Russia has claimed that a group of Russian paratroopers who were captured by Ukrainian forces in eastern Ukraine had crossed the border "by accident".

Ukraine confirmed that 10 Russian paratroopers had been captured and, as proof of this, released interview footage with some of the captive military personnel. In one interview, an alleged Russian paratrooper is quoted as saying: "Stop sending in our boys. Why? This is not our war. And if we weren't here, none of this would have happened."

"The soldiers really did participate in a patrol of a section of the Russian-Ukrainian border, crossed it by accident on an unmarked section," a Russian defence ministry source told Russian news agency RIA Novosti. "As far as we understand they showed no resistance to the armed forces of Ukraine when they were detained."

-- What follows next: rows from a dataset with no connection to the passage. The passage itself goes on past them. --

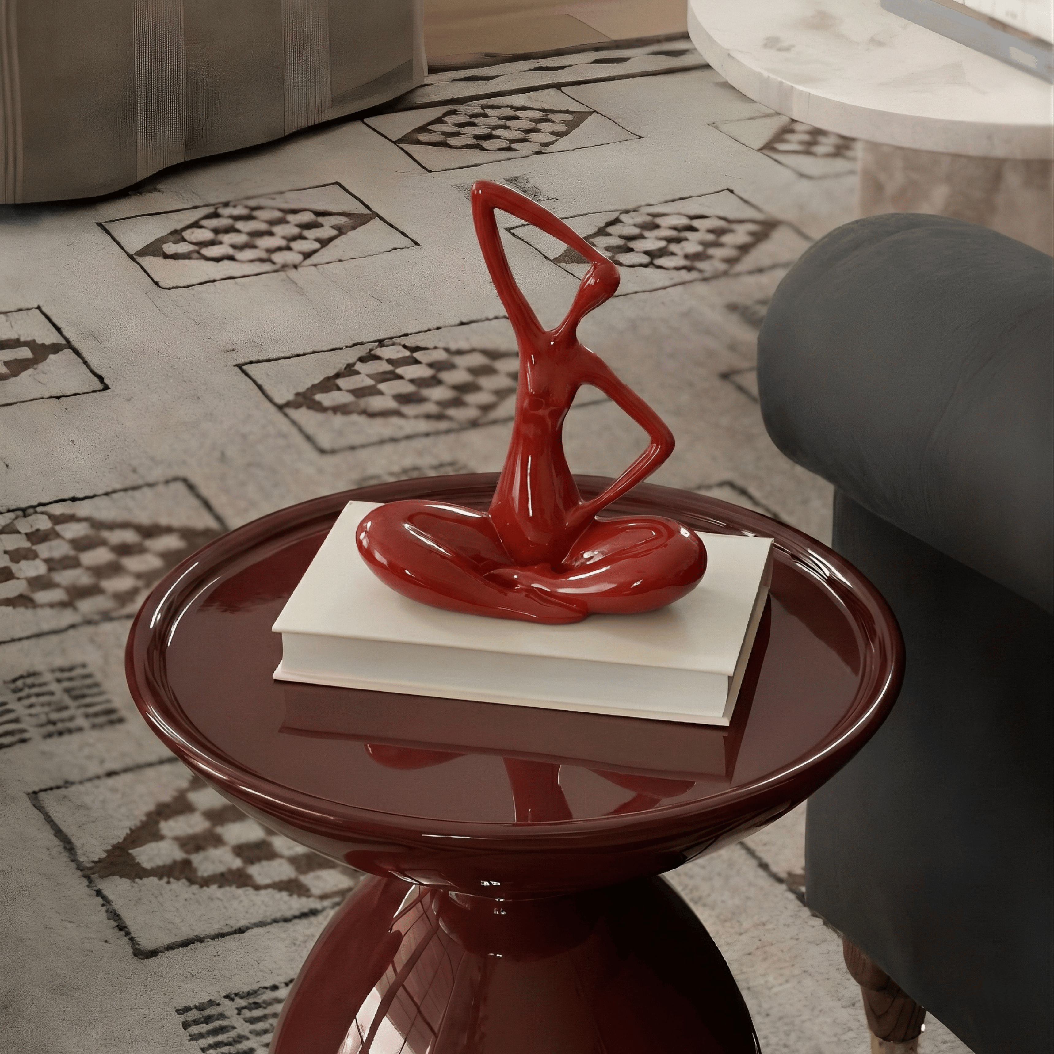 A fluid interpretation of the human form, captured in a bold high-gloss red finish. The elongated silhouette and open negative spaces create a sense of movement and elegance, while the grounded seated posture adds calm balance. Minimal yet expressive, it transforms abstraction into emotion.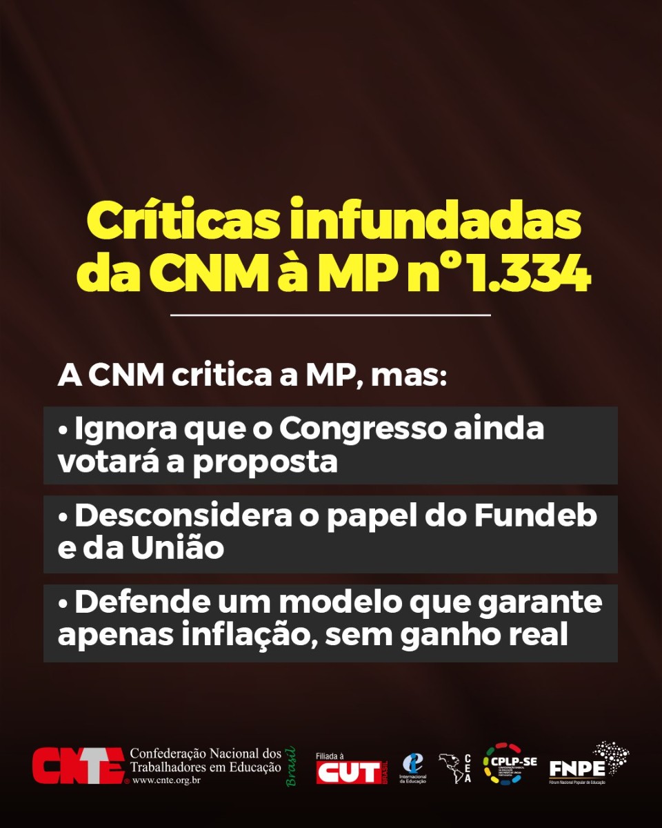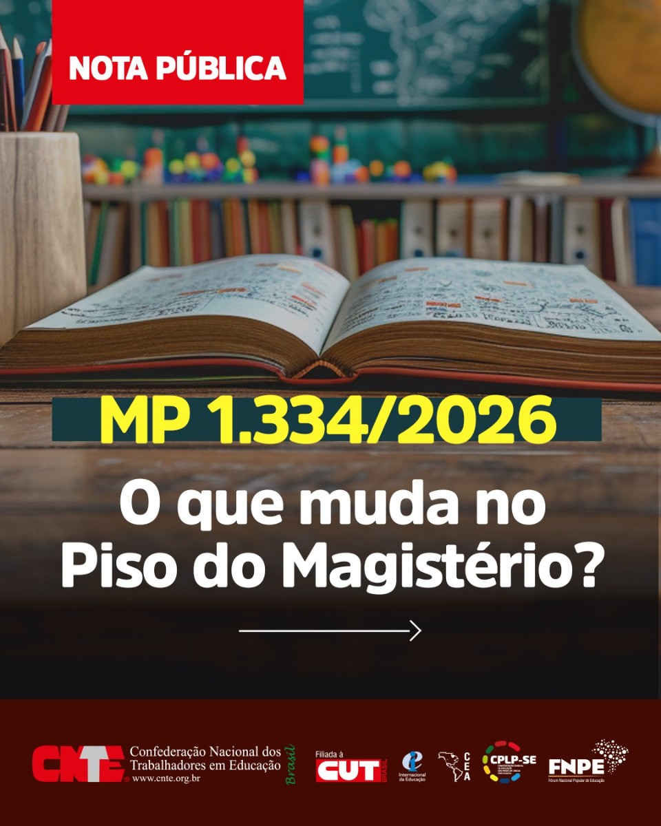 A MP nº 1.334/2026 cria um novo critério para o reajuste do Piso do Magistério, garantindo reposição da inflação e ganho real, com mais segurança jurídica e financeira. A CNTE defende ajustes na regra, fortalecimento do FUNDEB, valorização das carreiras e segue protagonizando a luta pela valorização dos profissionais da educação.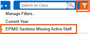 - Click on the Filter icon > EPIMS Sections Missing Active Staff. This filter yields all current year sections that are missing an active teacher.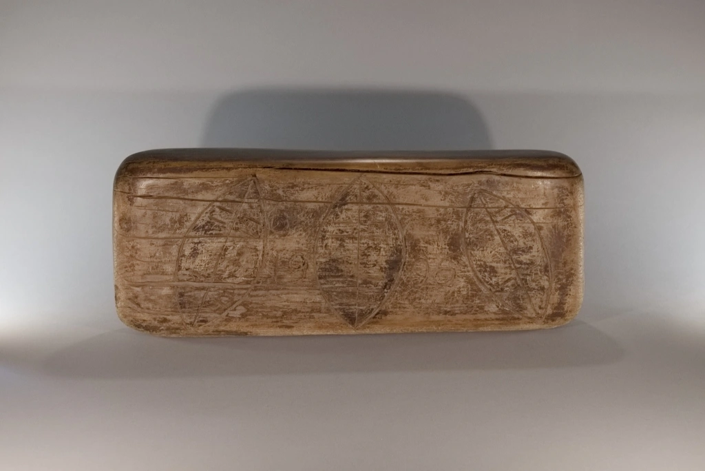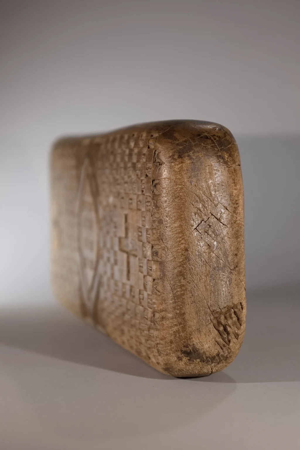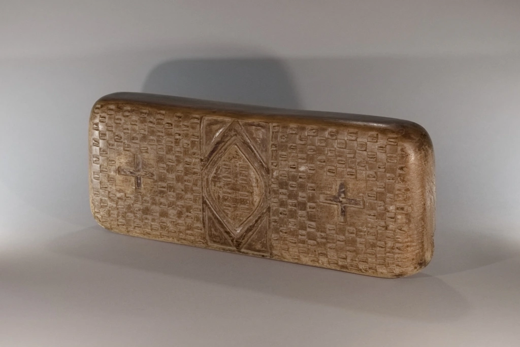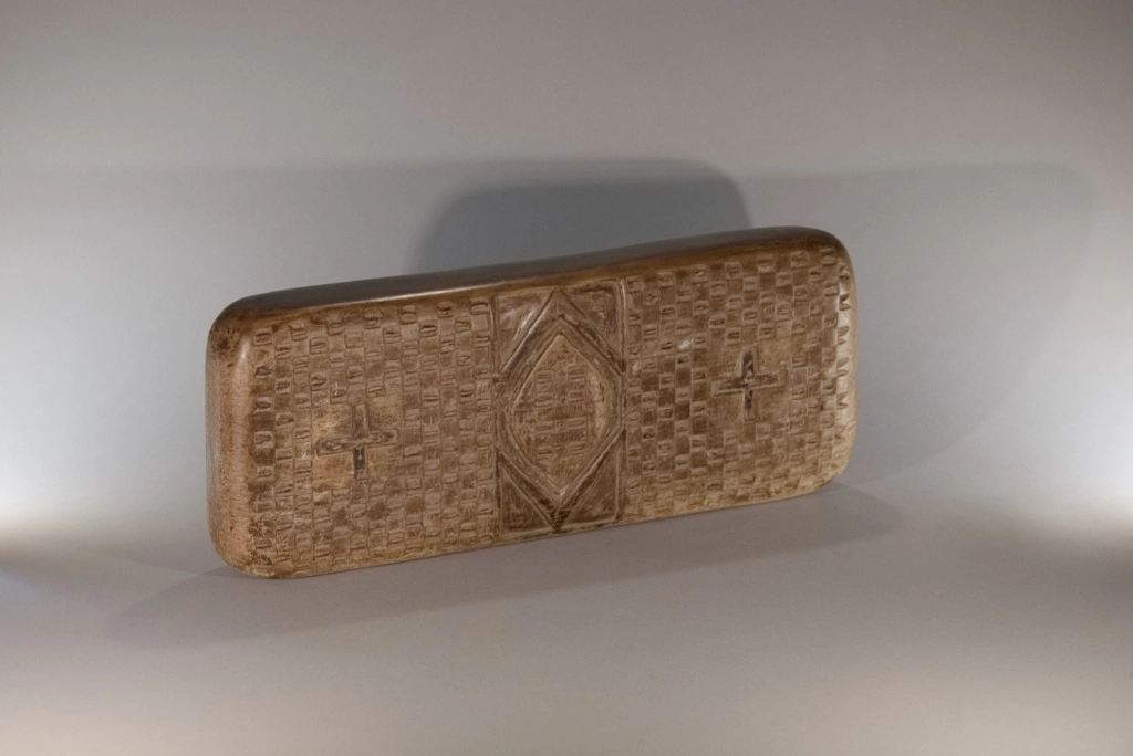 Un beau bloc classiquement décoré, agrémenté d’un bouclier zoulou en son centre. Il est de taille imposante et a dû appartenir à un homme particulièrement grand quand bien même cet appui-tête a probablement servi de tabouret au regard de sa hauteur.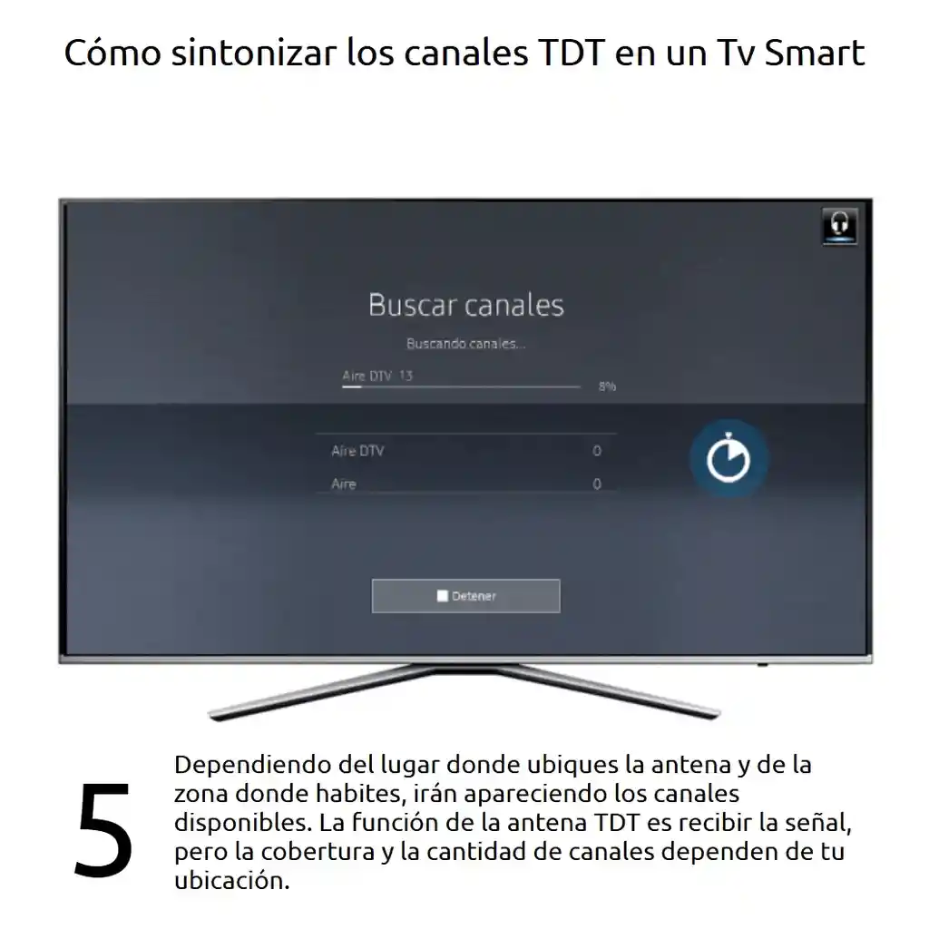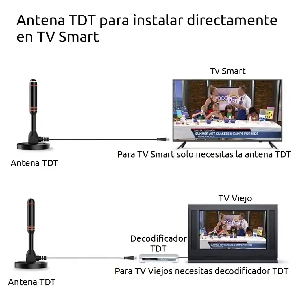 -Tipo: DVB-T2 antena. - Tipo: DVB-T2 antena. Longitud del Cable: aprox. 3 metros. Conecta el extremo (f-macho) del cable coaxial conectado al conector ANT/IN en la parte posterior del sintonizador de TV o TDT. En el menú de configuración del televisor, ajuste el modo sintonizador a "Antena" o "aire". Para obtener instrucciones más detalladas, consulte su manual de TV.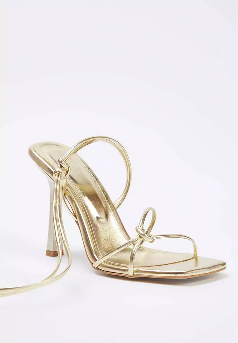 Gold Ankle Strap Detail Women Thin Heeled Sandals Takss25To00095

"We did not give much publicity to that. We just returned all those willing to return to Ukrainian territory at safe places," the source said of claims that 500 Ukrainian troops had also crossed the border at different times since the conflict began.

Prisoners of civil war

Ukraine's security service said that the Ukrainian military had caught the 10 Russian paratroopers near Dzerkalne village, 50km (30 miles) southeast of Donetsk, the Ukrainian city held by pro-Russian separatists.

Ukrainian television reported that the Russian men were from the 331st regiment of the 98th Svirsk airborne division.

Petro Poroshenko Ukraine Russia
Ukrainian president Petro Poroshenko has dissolved Ukraine's parliament. Reuters

The capture of the troops comes after Ukrainian president Petro Poroshenko announced he is dissolving parliament to prepare for elections in October, before he and Russian president Vladimir Putin meet at a summit in the Belarussian capital of Minsk.

The summit, organised to discuss the ongoing crisis, is also set to be attended by senior European Union officials. It will mark the first face-to-face meeting of the pair since a World War Two commemoration ceremony in June.

"I hope very much our Western colleagues… won't just come with expectations we will somehow magically solve things for them. That will not work," Russian foreign minister Sergei Lavrov told a news conference.

UN agencies estimate that more than 2,000 people have been killed in the fighting between the pro-Russian rebels and the Ukrainian military since April.

The downing of Malaysia Airlines flight MH17, for which pro-Russian rebels are suspected, killing 298 passengers and crew, highlighted the poor relationship between the ex-Soviet state and Russia, and Moscow's relationship with the separatists in eastern Ukraine.